With America’s first African-American president in the White House, Disney is counting on an African-American princess to be a big hit in Hollywood.

But even though The Princess and the Frog isn’t released until later this year, it is already stirring up controversy.

For while Princess Tiana and many in the cartoon cast are black – the prince is not.

Which has led some critics to complain that Disney has ducked the opportunity for a fairytale ending for a black prince and princess.

While some have hailed Disney’s decision as a reflection of melting pot America, others say the company is sending out a mixed message.

Although the black princess’s love interest in the new animated musical is called Prince Naveen of Maldonia and is voiced by a Brazilian actor, he looks more white than black in photographs from the film that Disney have released.

Since Snow White and the Seven Dwarfs in 1937, all of Disney’s princesses have predominantly been white.

A native Indian princess was featured in Pocahontas and Jasmine in Aladdin had a Middle Eastern appearance."

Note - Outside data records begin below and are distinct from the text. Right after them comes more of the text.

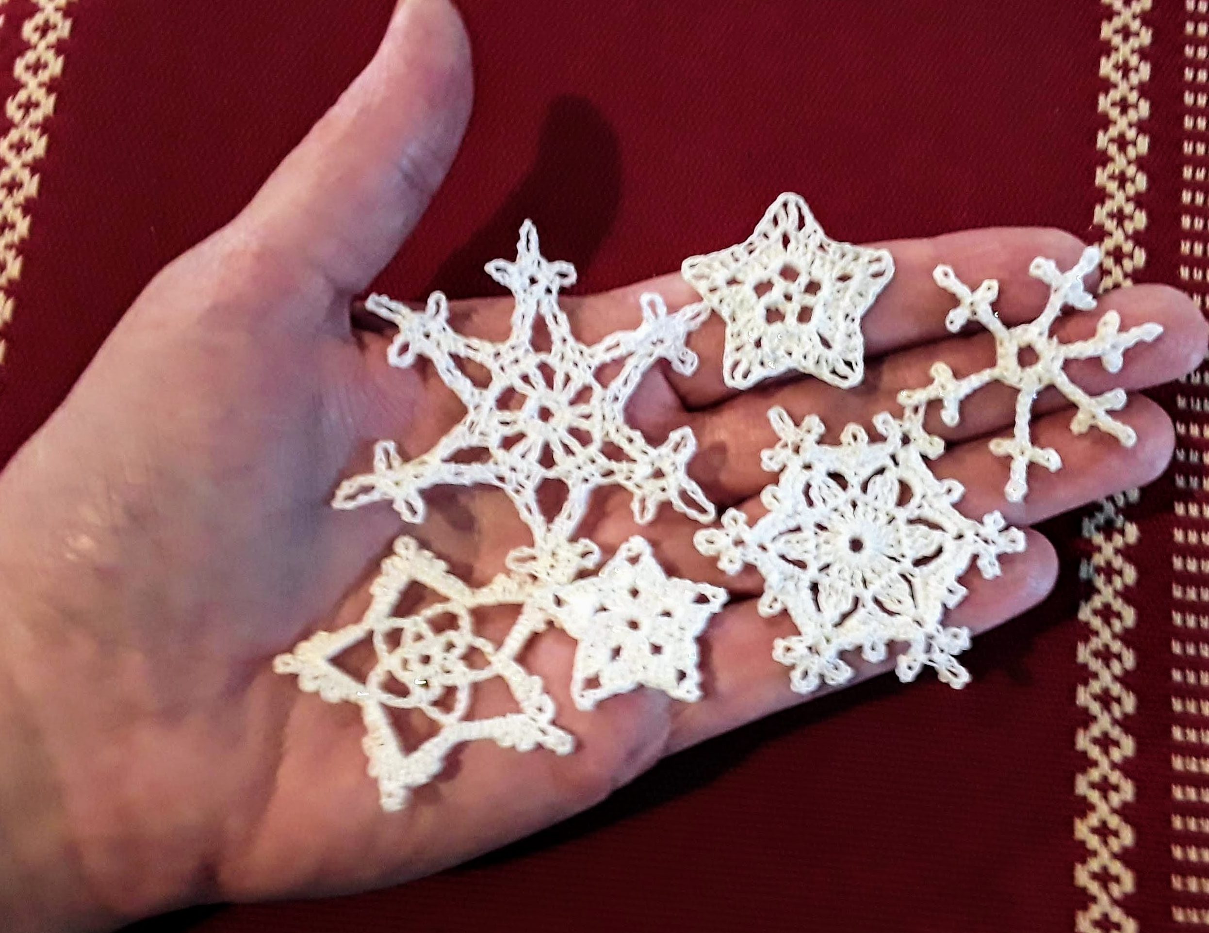 The solution? Guess what! (How did you know?) I designed my own patterns for tiny stars and snowflakes. By the time I did the first three stars, I could see that it was going well.
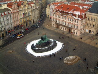 ←同じく旧市庁舎から見下ろす旧市街広場のヤン・フス像。ヤン・フスて独立の英雄?の人ですね…
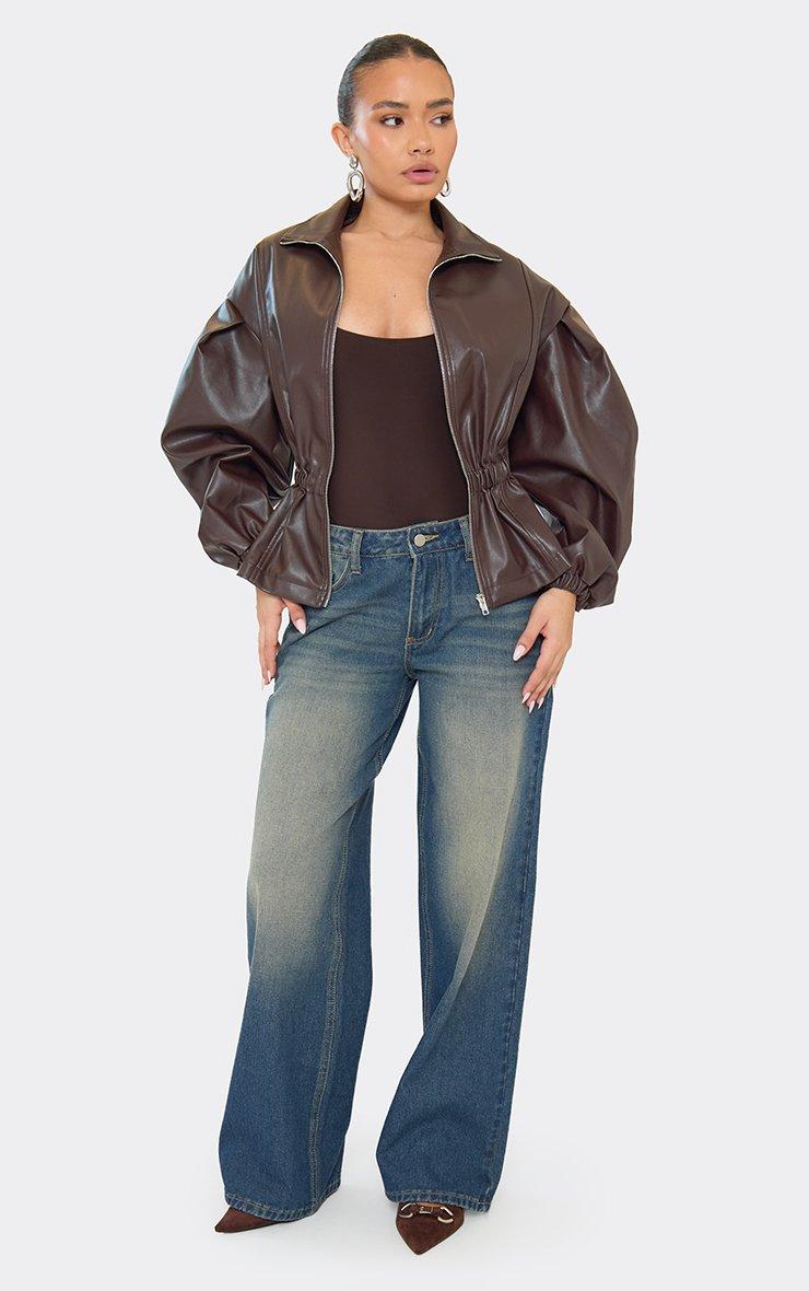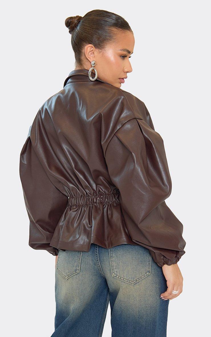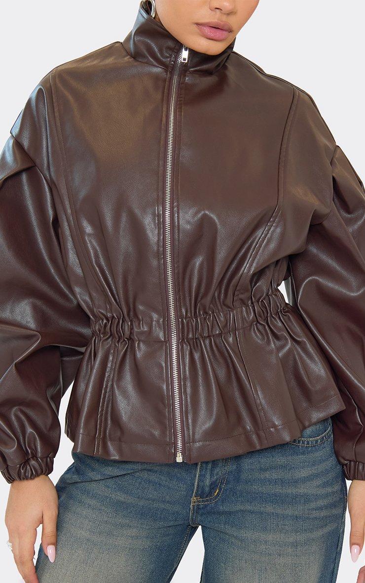 long sleeve high neck cinched elasticated waist jacket in chocolate brown faux leather

Analyst are unsure if this movie will play with a global audience, for as we found out earlier Black people don't like their own hair and do everything they can to make it appear like a white persons locks, but the ebony Disney princess appears to be of perhaps 1/4 or 1/8 African ancestry. Thus, can she really be an authentically Black princess, when her features are oh so white?:

"The Frog Princess is the first animated film to be conceived since Disney's 2006 acquisition of Pixar Animation Studios, the computer animation house that created such blockbusters as Toy Story, A Bug's Life, Finding Nemo and Cars.

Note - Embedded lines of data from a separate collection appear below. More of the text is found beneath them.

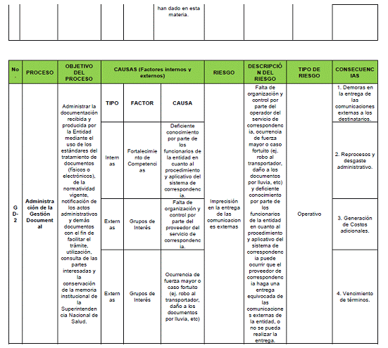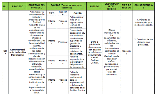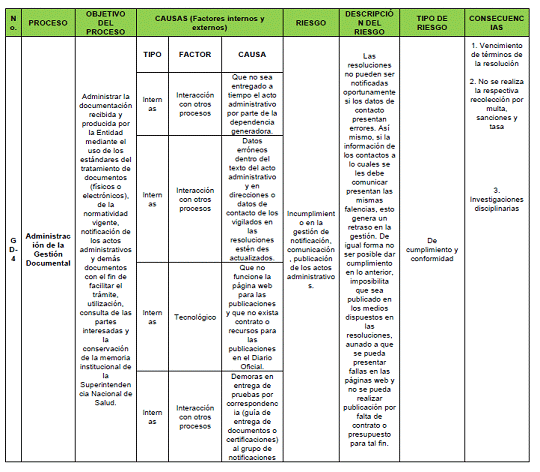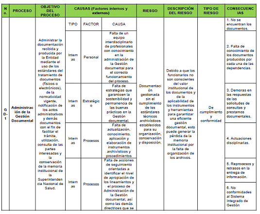 Que el Grupo de Gestión Documental de la Subdirección Administrativa, es el encargado de apoyar en la formulación de políticas, procesos y procedimientos relacionados con la Gestión Documental de la Superintendencia Nacional de Salud; dirigir y supervisar la ejecución, monitoreo, control y mejoramiento de los procedimientos de Gestión Documental de la Entidad; apoyar la implementación y sostenibilidad del Sistema de Gestión Institucional y sus componentes; entre otros.[3]
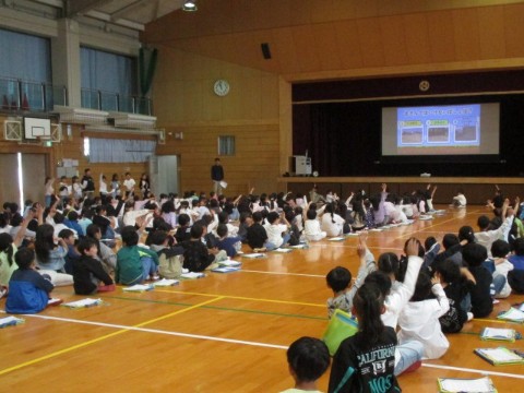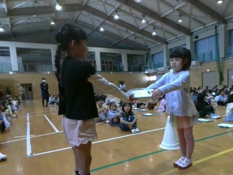 1・2年生のなかよし会が行われました。2年生が考えたクイズでは、1年生が楽しみながら学校生活のことを知るきっかけとなりました。また、一緒に校歌を歌ったり、はるちゃん体操を踊ったりする場面では、1年生の緊張もほぐれ、自然と笑顔になる姿が見られました。会の最後には、2年生が育てたアサガオの種をプレゼントし、1年生はとても嬉しそうでした。2年生にとっても、自分たちの成長を実感できる有意義な時間となりました。
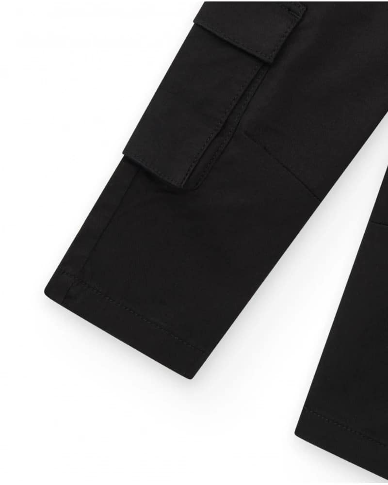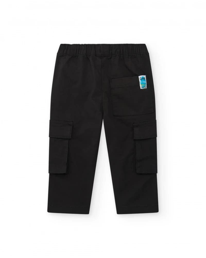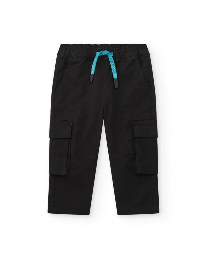 Mustad poiste cargo-püksid küljetaskute ja reguleeritava sinise pingutusnööriga vöökohaga. Mugav ja praktiline disain, ideaalne igapäevaseks kandmiseks.
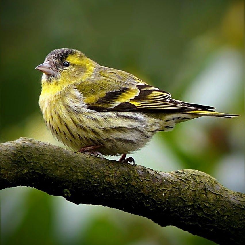 Charakteristische Merkmale/Aussehen: Grüngelbe Färbung an Oberseite und Brust, Unterseite heller gelb, dunkle Strichelung an Rücken und Bauch ist gut erkennbar. Männchen mit schwarzer Stirn, Scheitel und Kinn. Breite gelbe Flügelbinden, im Flug gut zu sehen. Schwanzfedern gelb gerändert und am Ende deutlich eingekerbt.
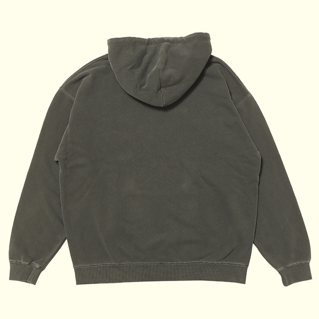 ピグメント染め+バイオウォッシュ加工によるヴィンテージ感のある仕上がり。
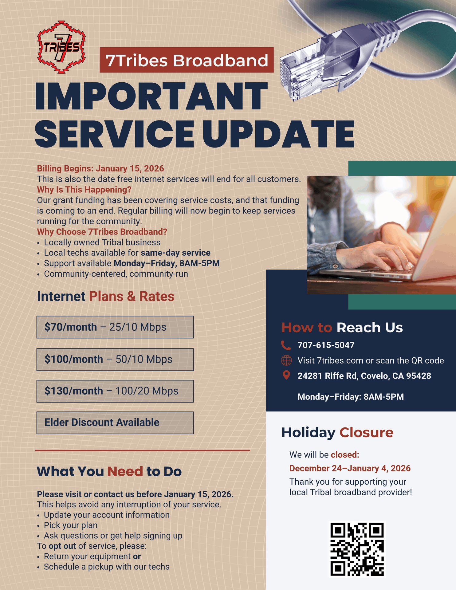 Beginning January 15, 2026, 7Tribes Broadband will transition from grant-funded service to regular monthly billing. This date also marks the end of free internet services for all customers. As our grant funding concludes, moving to standard billing ensures we can continue delivering reliable, community-focused connectivity.

The use of a classic hand-drawn process may be an indication Disney intends to create two streams of animation — one computer based, one based on more classic techniques.

Randy Newman, who created music for Toy Story, A Bug's Life and Cars, will write the score.

John Musker and and Ron Clements, who co-directed The Little Mermaid, Aladdin and Hercules, wrote the story and will direct the film, which is set in New Orleans.

"The film's New Orleans setting and strong princess character give the film lots of excitement and texture," Walt Disney Studios Chairman Dick Cook said.

The heroine, Maddy, becomes the first African American among the Disney princesses, who are collectively responsible for more than $3 billion in annual retail sales.

Disney abandoned hand-drawn animation after 2004's Home on the Range, one of a series of animated films that provided poor returns.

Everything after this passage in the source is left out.